── Supplied data ──

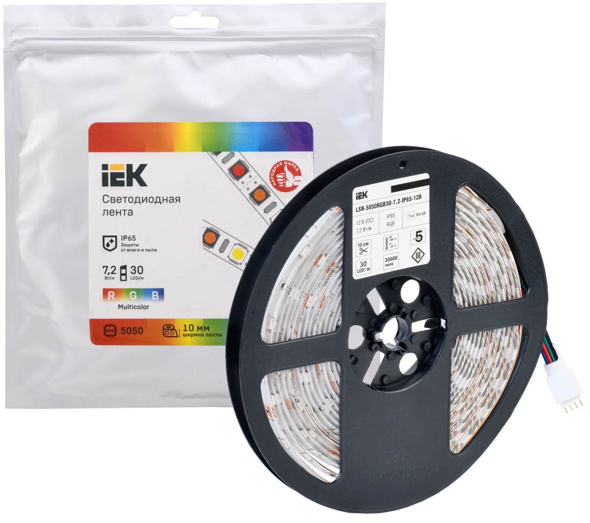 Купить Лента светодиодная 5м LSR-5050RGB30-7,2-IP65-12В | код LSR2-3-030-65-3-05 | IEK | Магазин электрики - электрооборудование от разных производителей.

───
── Supplied data ──

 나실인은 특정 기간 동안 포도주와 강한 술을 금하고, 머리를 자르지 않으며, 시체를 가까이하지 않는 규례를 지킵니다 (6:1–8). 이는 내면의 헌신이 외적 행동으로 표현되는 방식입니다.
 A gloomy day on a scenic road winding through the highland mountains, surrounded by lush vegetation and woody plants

───

## Task item
In the listing above, locate the line containing "나실인은 특정 기간 동안" and the line containing "A gloomy day". Transcribe those two lines and everything between them, exactly as written.

## Response to the task
 나실인은 특정 기간 동안 포도주와 강한 술을 금하고, 머리를 자르지 않으며, 시체를 가까이하지 않는 규례를 지킵니다 (6:1–8). 이는 내면의 헌신이 외적 행동으로 표현되는 방식입니다.
 A gloomy day on a scenic road winding through the highland mountains, surrounded by lush vegetation and woody plants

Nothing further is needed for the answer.